### [Data shown]
##########
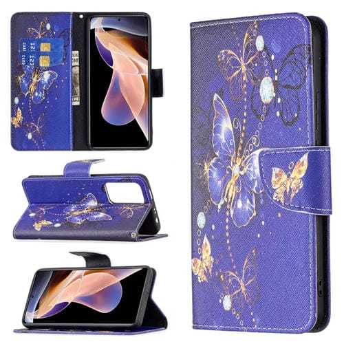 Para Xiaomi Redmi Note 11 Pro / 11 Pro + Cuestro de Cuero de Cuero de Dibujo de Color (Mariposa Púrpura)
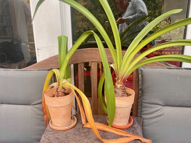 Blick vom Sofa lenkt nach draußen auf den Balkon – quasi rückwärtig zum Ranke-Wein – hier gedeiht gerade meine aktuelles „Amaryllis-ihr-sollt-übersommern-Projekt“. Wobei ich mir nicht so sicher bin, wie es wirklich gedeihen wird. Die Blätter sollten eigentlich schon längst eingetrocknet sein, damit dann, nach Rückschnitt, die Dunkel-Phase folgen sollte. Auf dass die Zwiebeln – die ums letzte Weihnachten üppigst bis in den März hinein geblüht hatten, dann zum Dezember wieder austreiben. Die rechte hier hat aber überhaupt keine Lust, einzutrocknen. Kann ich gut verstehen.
##########
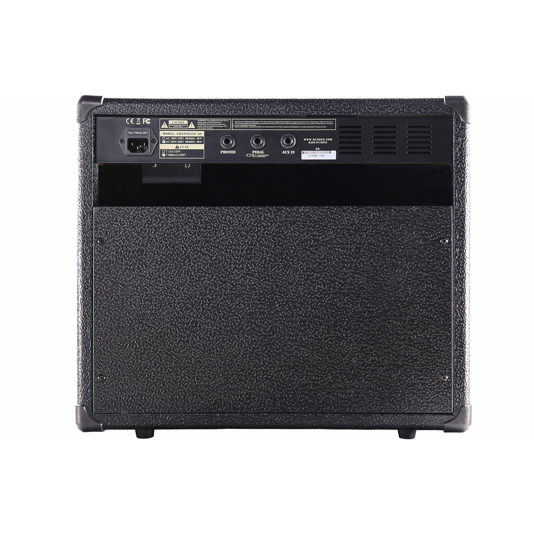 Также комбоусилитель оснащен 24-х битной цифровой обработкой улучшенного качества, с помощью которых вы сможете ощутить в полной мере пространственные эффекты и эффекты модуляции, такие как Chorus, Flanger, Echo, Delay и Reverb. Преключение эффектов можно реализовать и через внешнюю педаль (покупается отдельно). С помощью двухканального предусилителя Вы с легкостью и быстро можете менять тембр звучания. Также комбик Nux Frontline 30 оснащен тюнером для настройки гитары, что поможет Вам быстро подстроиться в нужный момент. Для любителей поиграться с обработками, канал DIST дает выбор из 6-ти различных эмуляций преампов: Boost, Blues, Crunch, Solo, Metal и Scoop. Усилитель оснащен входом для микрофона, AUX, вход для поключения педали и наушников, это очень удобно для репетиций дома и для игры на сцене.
##########
Within the listing above, the lines from the one with "Para Xiaomi Redmi" through the one with "Blick vom Sofa" are to be given again word for word. Do not include pictures.

 Para Xiaomi Redmi Note 11 Pro / 11 Pro + Cuestro de Cuero de Cuero de Dibujo de Color (Mariposa Púrpura)
 Blick vom Sofa lenkt nach draußen auf den Balkon – quasi rückwärtig zum Ranke-Wein – hier gedeiht gerade meine aktuelles „Amaryllis-ihr-sollt-übersommern-Projekt“. Wobei ich mir nicht so sicher bin, wie es wirklich gedeihen wird. Die Blätter sollten eigentlich schon längst eingetrocknet sein, damit dann, nach Rückschnitt, die Dunkel-Phase folgen sollte. Auf dass die Zwiebeln – die ums letzte Weihnachten üppigst bis in den März hinein geblüht hatten, dann zum Dezember wieder austreiben. Die rechte hier hat aber überhaupt keine Lust, einzutrocknen. Kann ich gut verstehen.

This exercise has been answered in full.